A LASSO model was used to predict drought tolerance from leaf metabolite and transcript data in potato (Solanum tuberosum). Based on that two populations with lines of superior (MPt) or inferior (MPs) tolerance were selected.
- gene expression data for 42 marker genes measured by qPCR for 31 potato cultivars grown in three field trials, in total 202 samples
- metabolite data for 81 marker analytes measured by GC-MS for 31 potato cultivars grown in five field trials, in total 911 samples
- gene expression data for 42 marker genes measured by qPCR for 195 potato lines grown in two experiments, in total 803 samples
- metabolite data for 81 marker analytes measured by GC-MS for 195 potato lines grown in two experiments, in total 806 samples
For the selection of the MAS population MPt and MPs , predictive models were generated with LASSO using the glmnet package (Friedman et al., 2010) in R. The cv.glmnet function was used to run 10-fold cross-validation.

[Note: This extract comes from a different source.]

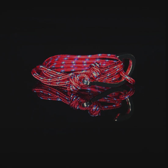Descubre la Pulsera de Anzuelo - Alessandria de Magma, un accesorio para hombre que transforma cualquier look. Con cuerda tipo paracord en rojo obscuro con detalles en azul y blanco, y un anzuelo dorado como cierre, esta pulsera combina elegancia y estilo arriesgado. Su diseño es perfecto tanto para un look elegante como casual, o incluso para llevar en un día de playa.
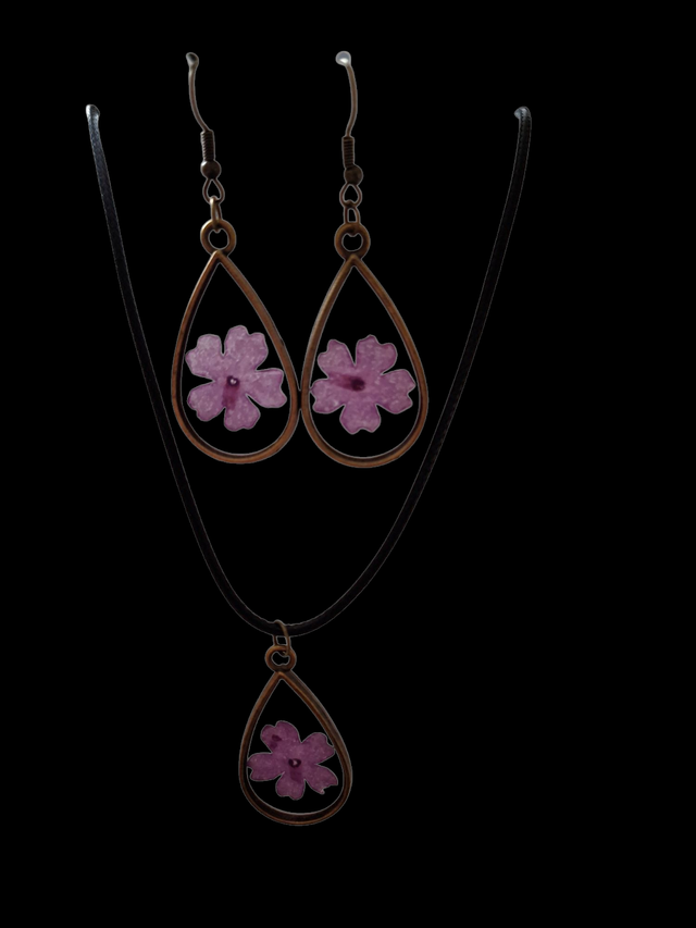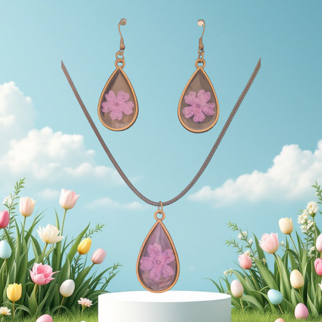Laissez-vous séduire par cette parure artisanale composée d’un pendentif et de boucles d’oreilles assorties, réalisée en métal et remplie de résine époxy transparente. Chaque pièce renferme une véritable fleur naturelle, minutieusement séchée et intégrée à la main, offrant un bijou délicat, poétique et unique.

The ‘λmin + 1SE’-rule was applied to choose the model and variables (spare model with 29 metabolites and 23 transcripts). Missing values in the metabolite (5.5%) and transcript (2.2%) data were estimated by PCA using the Nipals method from the R-package pcaMethods (Stacklies et al., 2007). The training set included 911 samples for metabolite data originating from five independent field experiments and 202 samples for transcript data from three independent field experiments performed in 2011 and 2012 (Sprenger et al., 2018). The resulting models were used to predict the DRYM of 195 lines from metabolite data (806 samples) and transcript data (803 samples). The predicted DRYM values from both models were ranked and averaged to retrieve the 23 most tolerant (MPt) and 22 most sensitive (MPs) lines.